Karina Sokolova, Agnès Clancier
Karina Sokolova, janvier 2014, 227 pages, 20 €
Ecrivain(s): Agnès Clancier Edition: Arléa
Histoire d’amour
« – Pourquoi tu m’as adoptée ?
– Parce que tu n’avais pas de maman pour s’occuper de toi et que je n’avais pas de petite fille ».
C’est aussi simple que cela l’histoire fusionnelle d’une fillette et de sa mère adoptive.
Le destin de Karina Sokolova, abandonnée quelques jours après sa naissance dans les rues glacées de Kiev, pourrait être dramatique. Mais non !
Karina a 3 ans lorsque l’auteur comprend, lors d’une visite à l’orphelinat, qu’elle a rencontré quelqu’un d’exceptionnel. Elle lui demande – « c’était (…) la troisième (…) phrase que tu entendais en français toi qui ne parlais pas, même en ukrainien » – de donner à une petite handicapée l’ours en peluche qu’elle lui a offert deux jours plus tôt. « Tu comprenais tout. (…). Il n’existait plus de langue étrangère tout à coup. (…) Tu lui as rendu la peluche ».
Leur premier matin à Paris donne lieu à des pages fort belles. « Tu étais là, près de mon lit, tout près de moi. (…) Je t’ai soulevée. Tu étais si légère. Comment un être humain peut-il être aussi léger ? Avec tout ce que tu avais déjà vécu ».
Ballet de nounous : une Malienne qui ne vient que pour téléphoner et s’enfuit en laissant une note pharaonique, une Mauricienne qui enferme Karina à clef, une Française qui fume et vole les cassettes de l’enfant pour sa propre fille dont son mari a la garde. « J’étais en train de confier mon enfant à quelqu’un qui n’avait pas été jugé apte à garder sa propre fille. Au moins entretenait-elle de bonnes relations avec son ex-conjoint puisqu’elle l’invitait à venir piller mon frigo ».
Mais tout n’est pas rose et il faut subir de nombreuses remarques acerbes : votre fille n’a pas de père ? Vous êtes sûre qu’il ne manque pas une page au livret de famille ? Pourquoi tu n’as pas fait un enfant avec un bel homme… ?
Ou cette réflexion d’une grand tante aigrie : « Elle t’appelle comment ? (…) Je réponds sur le ton de l’évidence : Maman ». Mais l’aigrie est aussi jalouse : son fils avait jadis réussi un exploit, êtreadmissible à l’ENA (ce qui signifie qu’il a réussi les épreuves écrites mais a été retoqué à l’oral) ; en étant elle-même admise dans la prestigieuse école, Agnès Clancier a transformé l’exploit en anecdote.

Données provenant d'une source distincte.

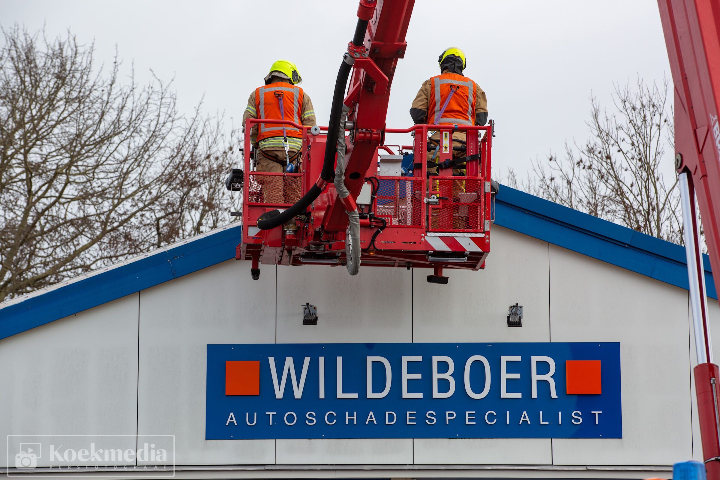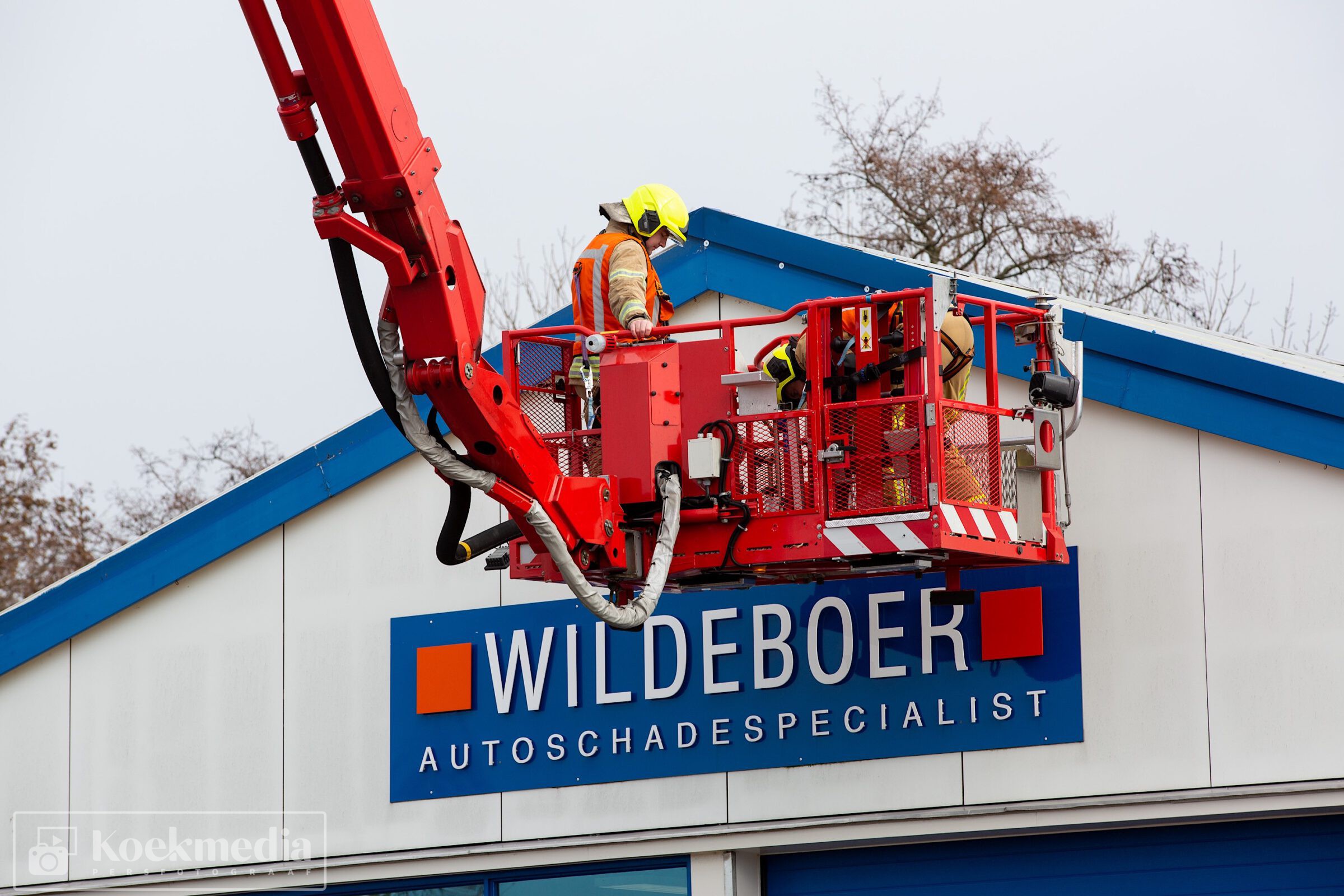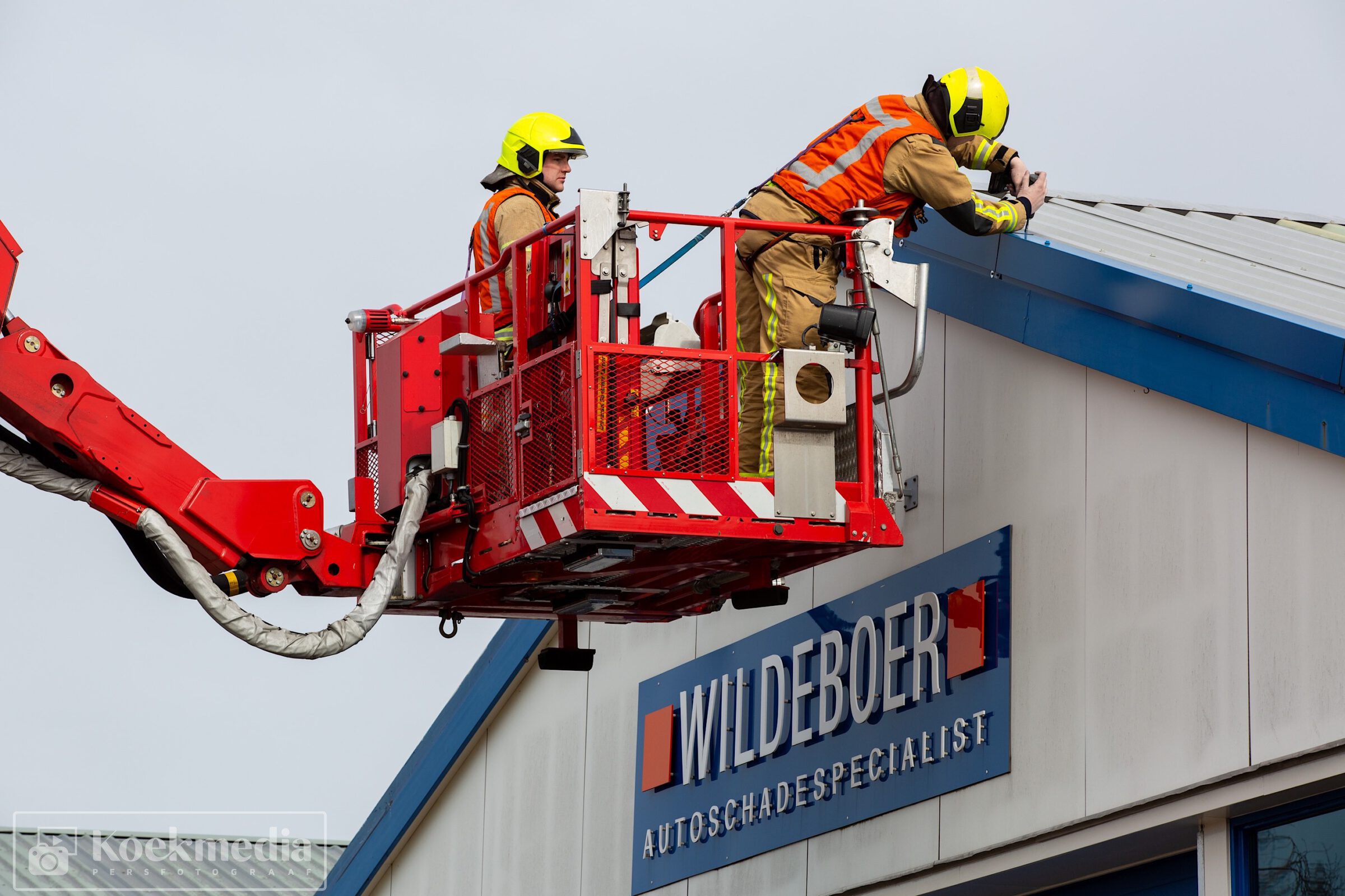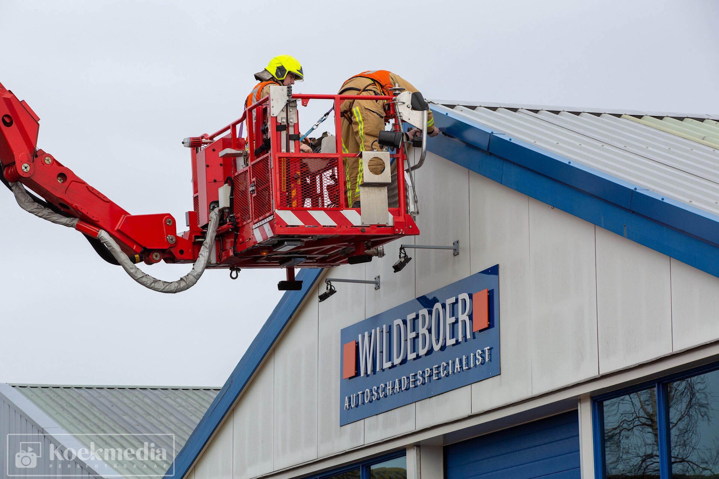 Bij een autoschade-herstelbedrijf aan het Ambacht liet de dakbedekking los. De brandweer heeft via de hoogwerker assistentie verleent om de dakplaten weer enigszins vast te zetten.

Ah… la famille… « On t’aidera, disaient-ils. Tu n’as pas à t’en faire. Tu pourras compter sur nous. Où sont-ils maintenant que tu es là ? »

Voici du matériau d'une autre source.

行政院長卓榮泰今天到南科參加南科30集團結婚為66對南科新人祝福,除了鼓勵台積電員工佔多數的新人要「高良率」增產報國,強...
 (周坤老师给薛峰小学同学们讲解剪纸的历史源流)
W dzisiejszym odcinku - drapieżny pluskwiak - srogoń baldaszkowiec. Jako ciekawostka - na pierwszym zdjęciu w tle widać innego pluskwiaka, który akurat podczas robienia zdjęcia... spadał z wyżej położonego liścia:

Premier Noël français en famille de Karina. Glaçant. « Les présents formaient une montagne plus haute que toi. (…) Ma belle-sœur t’en a tendu un. Je ne sais plus ce que c’était. – On s’est tous cotisés, a annoncé mon frère. (…). Tu n’en avais qu’un alors que ta cousine en recevait une dizaine. Nous avons passé la soirée à les regarder se remercier mutuellement. Tu avais trois ans et demi ».

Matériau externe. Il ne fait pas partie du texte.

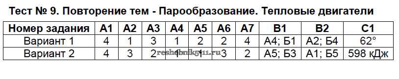 Готовая домашняя работа с ответами по Физике за 8 класс Бобошина Контрольно-измерительные материалы (КИМ) Экзамен 2014 ФГОС - Тесты Тест-9. Повторение тем - Парообразование. Тепловые двигатели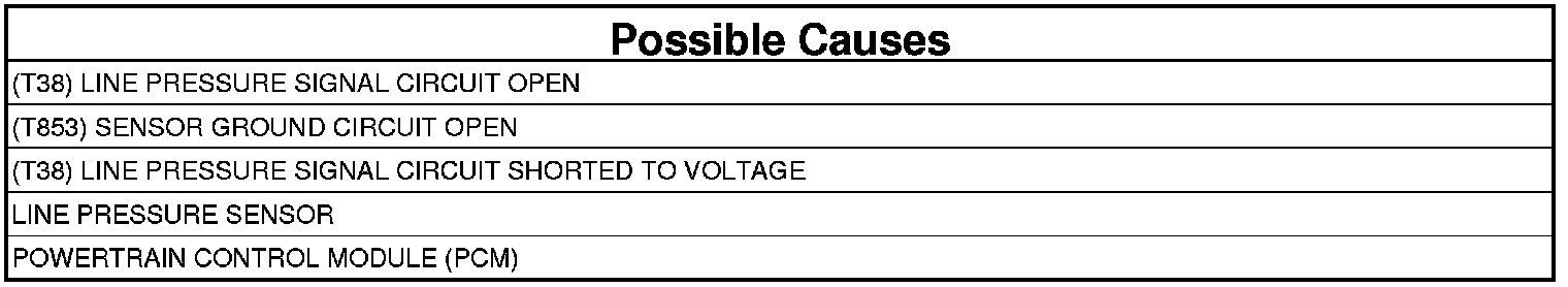 - Repair the (T38) Line Pressure Signal circuit for a short to voltage.

Mais Karina supporte les épreuves. « Tu es la personne la plus gaie du monde. Tu ne fais pas de caprices. Tu comprends tout ».
Peut-être pour fuir, mère et fille s’envolent pour l’Australie. A 5 ans, Karina, qui ne parlait pas un mot de français ni d’anglais deux années plus tôt, devient bilingue. Et la petite fille grandit…
Agnès Clancier a perdu ses parents très jeune. « Ils ont commencé à se disputer le lendemain de leur mariage. Ils parlaient beaucoup de divorce ». Son père voulait qu’ils se partagent les enfants. « Il me prenait moi et ma mère gardait mon frère. Elle répondait qu’elle voulait ses deux enfants ». On comprend en la lisant qu’elle a préféré choisir sa famille qui se compose désormais de Karina et de son grand oncle, le poète Georges-Emmanuel Clancier.
Karina Sokolova est sorti en janvier 2014. Cet ouvrage n’a pas beaucoup fait parler de lui. Les Français, ce peuple suicidaire, préfèrent réserver un triomphe au torchon d’une femme médiocre qui règle des comptes avec son amant volage ou aux divagations d’un petit juif haineux qui veut sauver le soldat Pétain.
Ces ânes feraient mieux de lire ce livre qui est à la fois un récit poignant et un roman d’amour. Il est à l’image de son auteur : magnifique.